In the first week of January 2014, Europe’s biggest dairy company Groupe Lactalis SA agreed to acquire a controlling stake in India’s Tirumala Milk Products for between US$ 250 million and US$ 300 million (approximately `1,500 to 1,800 crore) according to several Indian business dailies. Lactalis, based in France’s Loire Valley, will buy shares from Hyderabad-based Tirumala’s founders, who own 80% of the company, and from private equity firm the Carlyle Group, which invested about US$ 22 million in the company in 2011 and holds the remaining 20%.
The deal will help Lactalis reduce its dependence on Europe, where it gets 60% of its revenue. India is the world’s biggest milk producer and most of its produce stays at home as a protein staple for its population. The country’s milk product exports are tiny and restricted mainly to south Asian countries. Tirumala’s sales for the financial year ending March 2013 rose 21% to `1,424 crore, according to its website. It had net income of `70 crore in the year. “The company has seven plants across South India, and Lactalis will help expand the company in both North and South India,” said Danda Brahmanandam, Tirumala’s founder and managing director as reported in business daily Mint.

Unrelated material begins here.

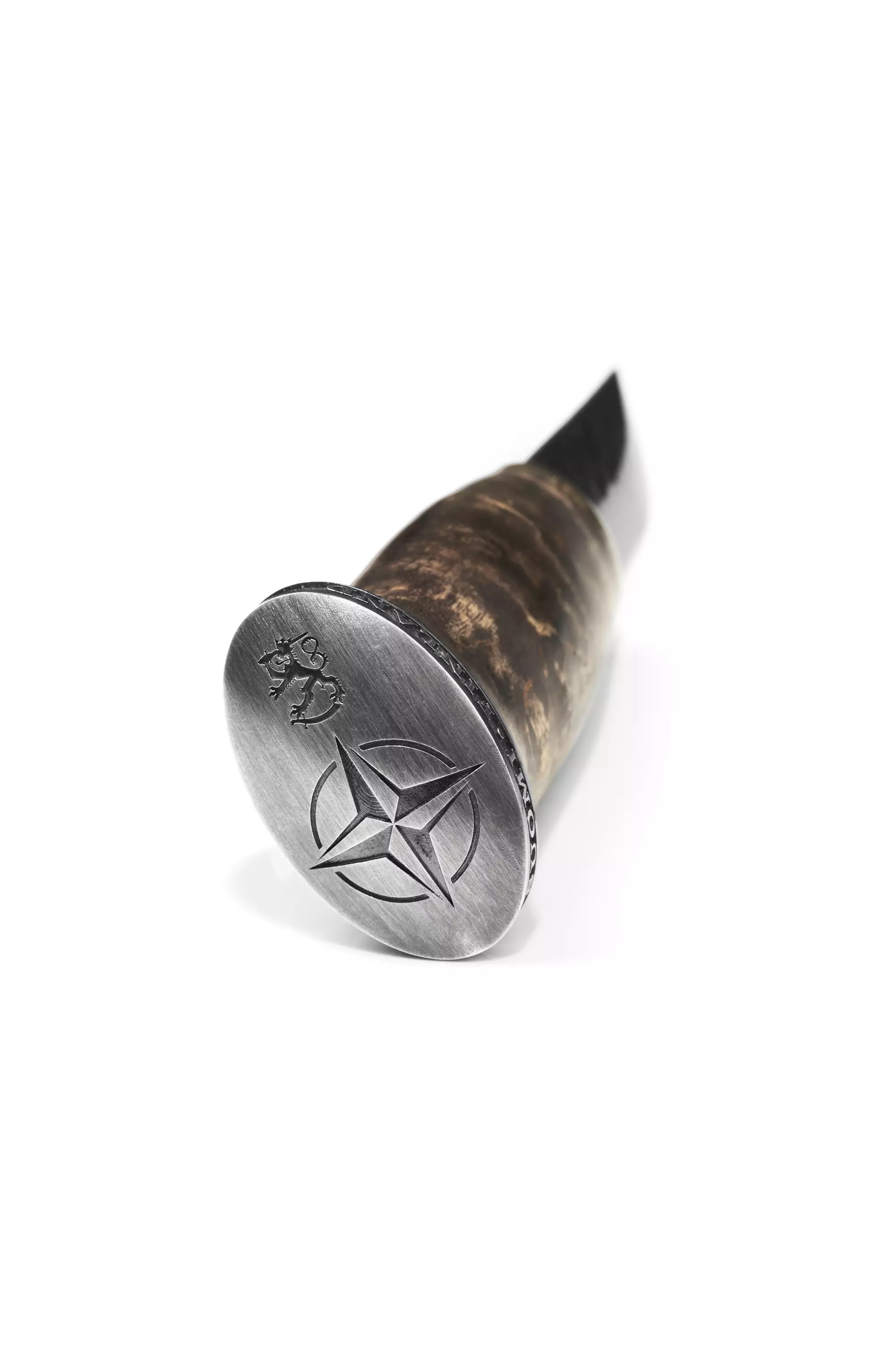 Puukon hoito-ohjeet Teroitus: • Hio ensin terän molemmat sivut karkealla hiomakivellä lappeen suuntaisesti, kunnes terän suuhun muodostuu "kierrettä". • Hio kierre pois hiomakiven sileämmällä puolella. • Käytä hiontaan myös vettä. • Puhdista ja kuivaa terä. • Teroita puukko säännöllisesti niin vältyt vaativalta kertateroitukselta. Tupin hoito: • Käsittele puukon tuppi tarvittaessa nahanhoitoaineella. Puukon hoito: • Älä pese hiiliteräpuukkoa astianpesukoneessa. • Kuivaa ja puhdista terä aina käytön jälkeen. • Pidä puukkoa tupessa, ja säilytä kuivassa paikassa. • Käsittele hiiliterä aika-ajoin ruokaöljyllä tai parafiiniöljyllä.

Family-run Lactalis, owner of the Galbani, Lactel and President brands, is Europe’s number one dairy group in terms of revenue. It has grown through acquisitions to reach annual revenues of 15.7 billion Euros, of which Europe accounts for 60%. One of its recent high-profile acquisitions was Italy’s Parmalat group in 2012. According to data compiled by
Bloomberg, foreign companies announced US$ 15.6 billion of acquisitions in India last year, up from US$ 11 billion in 2012.